Quanto a chuva já caía amiúde, o saxofone de Shabaka Hutchings, aliado às teclas de Dan Leavers e à bateria de Max Hallett, prova que o jazz está vivo e recomenda-se, é dançável, e até casa bem com um festival de verão.
A clássica Goldfrapp trouxe nova vida e novos passos para abrir a pista
Alison Goldfrapp tem uma carreira mais do que estabelecida no mundo da música eletrónica e eletropop, conhecida há décadas como uma das presenças mais fortes do estilo. Em 2023, Goldfrapp anunciou que iria lançar uma carreira a solo e o novo álbum, ‘The Love Invention’, foi lançado a dois meses do Primavera Sound.
A nova vida da britânica não demorou muito a entranhar e, numa noite em que o hip-hop foi protagonista, Goldfrapp colocou a fasquia bem elevada com uma performance que também recordou os grandes sons dos Goldfrapp (o duo que era composto pela artista e por Will Gregory).
Alison Goldfrapp © Hélio Carvalho/Notícias ao Minuto Começando pelo tema que dá o nome ao novo disco, Alison Goldfrapp surgiu toda de azul, eloquente e metódica em cada movimento, mostrando a intensa e sedutora presença que a tornaram tão conhecida. O concerto saltitou de clássicos como ‘Train’ ou ‘Rocket’, a temas mais novos, como ‘Gatto Gellatoo’ e ‘So Hard So Hot’. Já perto do final, não ficou esquecido o icónico tema de dance ‘Ooh La La’.

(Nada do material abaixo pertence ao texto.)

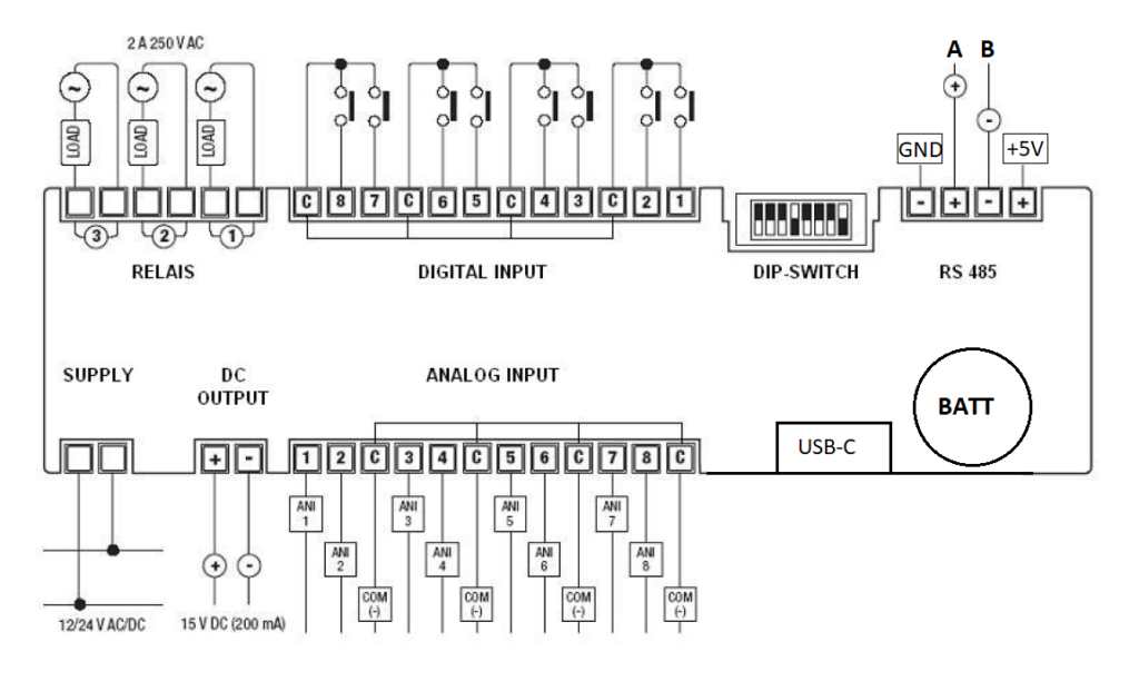 - 8 ingressi analogici a 16-bit selezionabili in corrente/tensione (0-20mA / 0-10V) (con riferimento comune). Campionamento >1Hz

Mas, se Goldfrapp aperfeiçoou os passos de dança no Primavera Sound, Georgia foi a responsável por aquecer o público. Por todo o recinto, muitos foram os festivaleiros que, sentados na relva e desconhecendo a compositora, se mostraram surpreendidos pela sua atuação contagiante. E não foram poucos os que se levantaram e foram dançar para a frente do palco Vodafone. Sozinha com a sua percussão e um teclado, Georgia chegou e falou sempre de forma genuína, e aproveitou as réstias de sol e de céu limpo para arrancar com energia a ronda de concertos de pôr-de-sol.
O primeiro dia do Primavera Sound de 2023 começou com voz portuguesa, com influência brasileira. Apresentando o seu álbum ‘Prazer Prazer’, lançado em março, Beatriz Pessoa trouxe uma sonoridade intimista, descomprimida e alegre, e temas como ‘Dona da verdade’ (com letra da própria e de dois nomes grandes da música brasileira da última década, Mallu Magalhães e Marcelo Camelo) acolheram calorosamente os primeiros festivaleiros do ano.
O Primavera Sound Porto continua esta quinta-feira, com Rosalía a encabeçar o segundo dia de festival. Rosalía voltará a um palco que já pisou em 2019, quando ainda era altamente influenciada pelas origens no flamenco, e desta vez vai ser a cabeça de cartaz de um ‘lineup’ que contará com Bad Religion, …Fred Again, Japanese Breakfast, Arlo Parks, Alvvays, The Beths, Núria Graham, e ainda com os portugueses Fumo Ninja e Quadra, entre muitos outros.